Granaatappelbeschrijving en distributie
De granaatappel is het enige lid van de granaatappelfamilie. De planten groeien in het wild in mediterraan Europa op rotsachtige plaatsen en hagen. De zaden worden verspreid door vogels.


Beschrijving van de granaatappelplant

Deze plant heeft een redelijk lange levensduur en kan zo'n 20 jaar lang goede fruitgewassen dragen. De kleine boom of de sterk vertakte, ruige struik is stekelig. Als struik heeft hij veel twijgachtige, slanke takken die vierkant zijn als ze jong zijn. Met de leeftijd kunnen de takken hangend en gebogen worden zodat de plant een fonteinachtig uiterlijk krijgt.

Dit kan rechtop ovaal tot afgerond zijn. Naarmate de granaatappel ouder wordt, kan deze een verwrongen, schilderachtige stam ontwikkelen.

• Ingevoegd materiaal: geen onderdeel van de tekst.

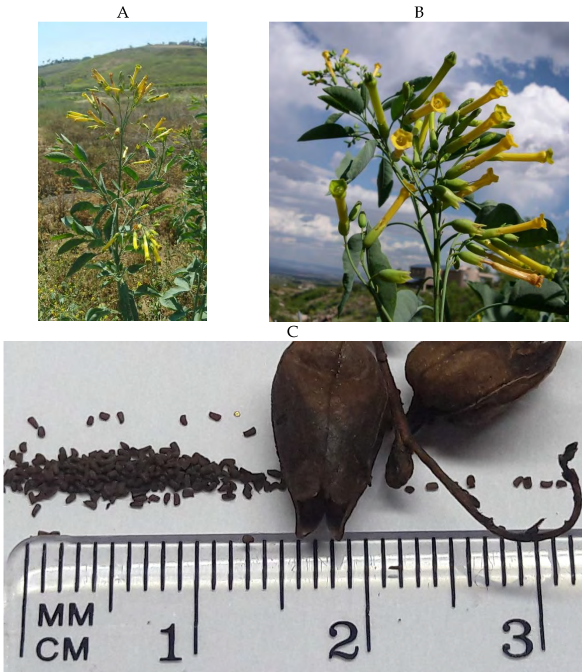
Figura 29.1. A) Nicotiana glauca . B) Flores del tabachín. C) Cápsulas y semillas de N. glauca . Laboratorio de Semillas Forestales, DICIFO, UACH.

In warme gebieden met goede groeiomstandigheden kan een granaatappel ongeveer 15 tot 20 voet hoog worden, vooral als het niet gesnoeid wordt. Over het algemeen zal dit in de VS doorgaans tien tot 12 voet hoog worden met een spreiding van zes tot acht voet. Snoeien kan de plant tot ongeveer 6 tot 12 voet of zo houden.

Het tegenovergestelde, langwerpige, lansachtige, glanzende gebladerte loopt aan beide uiteinden taps toe en is twee tot vier centimeter lang. Dit is goudgroen tot levendig groen en wordt in de herfst heldergeel. De nieuwe groei is koperachtig of roodachtig. In warme gebieden kunnen de bladeren groenblijvend zijn. In koudere gebieden is het bladverliezend tot semi-groenblijvend, afhankelijk van de omstandigheden.

Granaatappelbloemen zijn solitair en open aan de uiteinden van de scheuten. De bloeitijd kan enigszins variëren, afhankelijk van het klimaat. In Amerika bloeit het meestal van de lente tot augustus of zo. In Hawaii kunnen bloemen het hele jaar door verschijnen. In de vochtige tropen kan granaatappel het hele jaar door een aantal keren bloeien. Elders in de tropen bloeit het vroeg in het regenachtige of vroege seizoen.

De vlezige, leerachtige, opzichtige, camellia-achtige bloesems hebben gegolfde bloemblaadjes. De bloemen zijn meestal levendig rood. Ze zijn echter ook verkrijgbaar in verschillende kleuren, afhankelijk van de variëteiten. Andere tinten zijn geel, scharlaken rood, oranje, oranjerood, zachtroze, wit, tweekleurig en bont met wit.

De bloemen zijn meestal een tot twee centimeter breed, hoewel sommige bloemen maximaal vier centimeter breed zijn, vooral variëteiten met dubbele bloemen. Deze hebben vijf tot zeven aanhoudende kelkblaadjes. Het midden van de bloesem bevat een tros meeldraden. De grote kelk heeft vijf tot zeven tanden.